Question

A long solenoid has $200$ turns per $cm$ and carries a current $i$ . The magnetic field at its centre is $6.28 \times {10^{ - 2}}Wb{m^{ - 2}}$ . Another long solenoid has $100$ turns per $cm$ and it carries a current $i/3$ . The value of magnetic field at its centre is
A. $1.05 \times {10^{ - 2}}Wb{m^{ - 2}}$
B. $1.05 \times {10^{ - 5}}Wb{m^{ - 2}}$
C. $1.05 \times {10^{ - 3}}Wb{m^{ - 2}}$
D. $1.05 \times {10^{ - 4}}Wb{m^{ - 2}}$

Answer 1

Using the Ampere’s circuital law establishes the relation for the magnetic field inside a solenoid. From that equation we can calculate the current flowing in the first solenoid. Then substitute this value of current for the second solenoid.

Formulas used:
$\oint {\overrightarrow B } \cdot d\overrightarrow l = {\mu _0}i$ where $B$ is the magnetic field around any closed path, ${\mu _0}$ is the permeability of free space and $i$ is the current flowing through the area enclosed by the path.
$B = {\mu _0}ni$ where $n$ is the number of turns of the coil per unit length.
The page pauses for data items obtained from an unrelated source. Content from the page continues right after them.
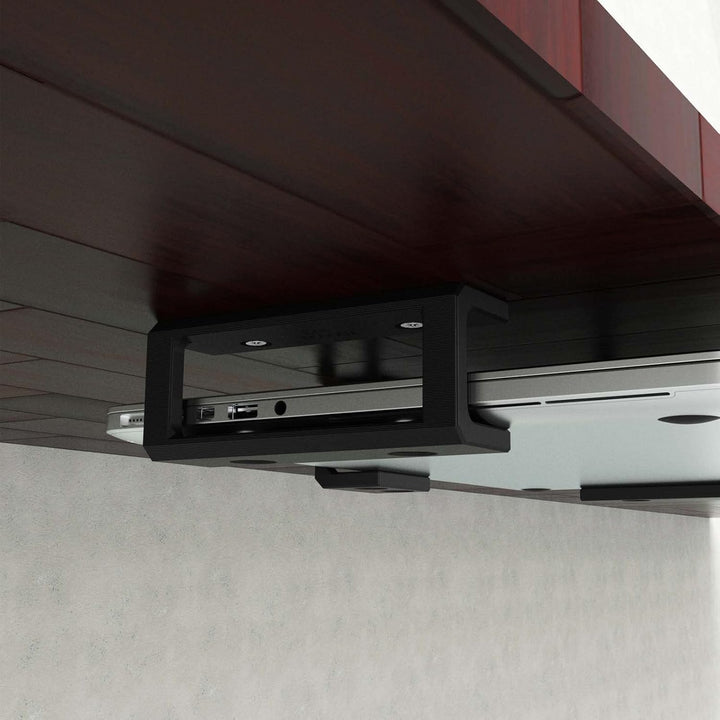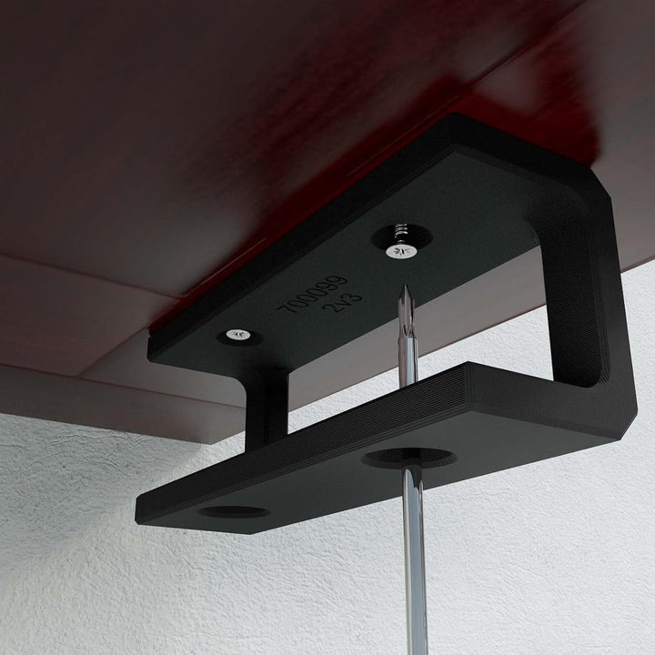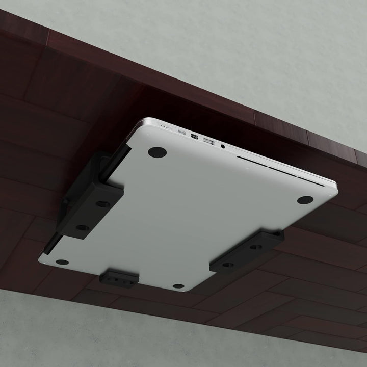 - Lieferumfang: 1x Untertisch Halterungs Set Schwarz für Laptop / MacBook 0-35mm / 6x Holzschrauben
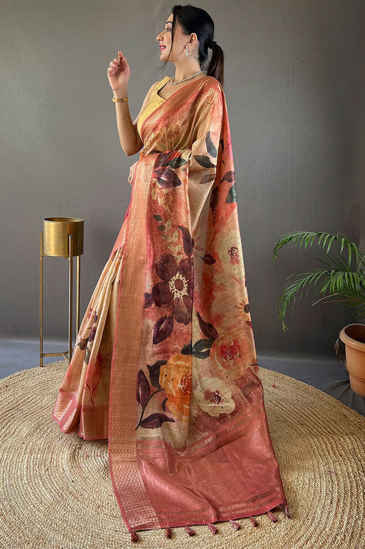 Sandy Brown Zari Woven Printed Tussar Silk Saree
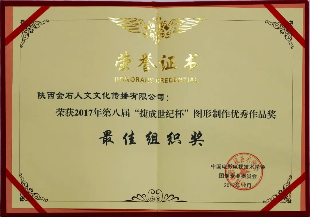 陜西金石人文文化傳播有限公司榮獲2017年第八屆“捷成世界杯”圖形制作優(yōu)秀作品獎(jiǎng)最佳組織獎(jiǎng)。 中國(guó)電影電視技術(shù)學(xué)會(huì)圖像專(zhuān)業(yè)委員會(huì)成立于1982年3月,主要由全國(guó)各省市電視臺(tái)、知名視頻網(wǎng)站、主流設(shè)備廠商、影視相關(guān)院校、影視制作公司等相關(guān)視頻制作、圖形設(shè)計(jì)的專(zhuān)家學(xué)者組成,在中國(guó)電影電視技術(shù)學(xué)會(huì)的領(lǐng)導(dǎo)下開(kāi)展各項(xiàng)學(xué)術(shù)活動(dòng),是影視行業(yè)內(nèi)知名的圖像學(xué)術(shù)團(tuán)體。

Complete step by step answer:
A solenoid is a type of electromagnet made by wounding coils into a tightly packed helix. When current flows through the conducting coil, a magnetic field is generated inside the solenoid such that it behaves as a magnet. We can calculate the strength of the magnetic field inside the solenoid using Ampere’s law.
Ampere’s circuital law states that the line integral of the magnetic field $\overrightarrow B$ around any closed oath is equal to ${\mu _0}$ times the net current $i$ flowing through the area enclosed by the path. That is,
$\oint {\overrightarrow B } \cdot d\overrightarrow l = {\mu _0}i$
where ${\mu _0}$ is the permeability of free space (constant).
Using this law we can establish the relation of the magnetic field at the centre of a long solenoid which is given by the expression $B = {\mu _0}ni$ where $n$ is the number of turns of the coil per unit length.
According to the question we have, $B = 6.28 \times {10^{ - 2}}Wb{m^{ - 2}}$ and $n = 200 \times {10^2}{m^{ - 1}}$
$B = {\mu _0}ni$
$\Rightarrow$ $i = \dfrac{B}{{{\mu _0}n}}$
$\Rightarrow i = \dfrac{{6.28 \times {{10}^{ - 2}}}}{{{\mu _0} \times 200 \times {{10}^2}}}$
Now for the second solenoid, we have $n = 100 \times {10^2}{m^{ - 1}}$
Thus, substituting the value of $i$ from the previous equation we have,
${B_2} = {\mu _0} \times 100 \times {10^2} \times \dfrac{{6.28 \times {{10}^{ - 2}}}}{{{\mu _0} \times 200 \times {{10}^2} \times 3}}$
$\Rightarrow {B_2} = 1.05 \times {10^{ - 2}}Wb{m^{ - 2}}$
Therefore, the correct option is A.

Note
The field $\overrightarrow B$ is independent of the length and the diameter of the solenoid and is uniform over the cross-section of the solenoid. The uniform magnetic field within a long solenoid is parallel to the solenoid axis. Also the expression used in this solution to calculate the magnetic field is only valid for a very long solenoid. For a solenoid with definite length, the formula is different.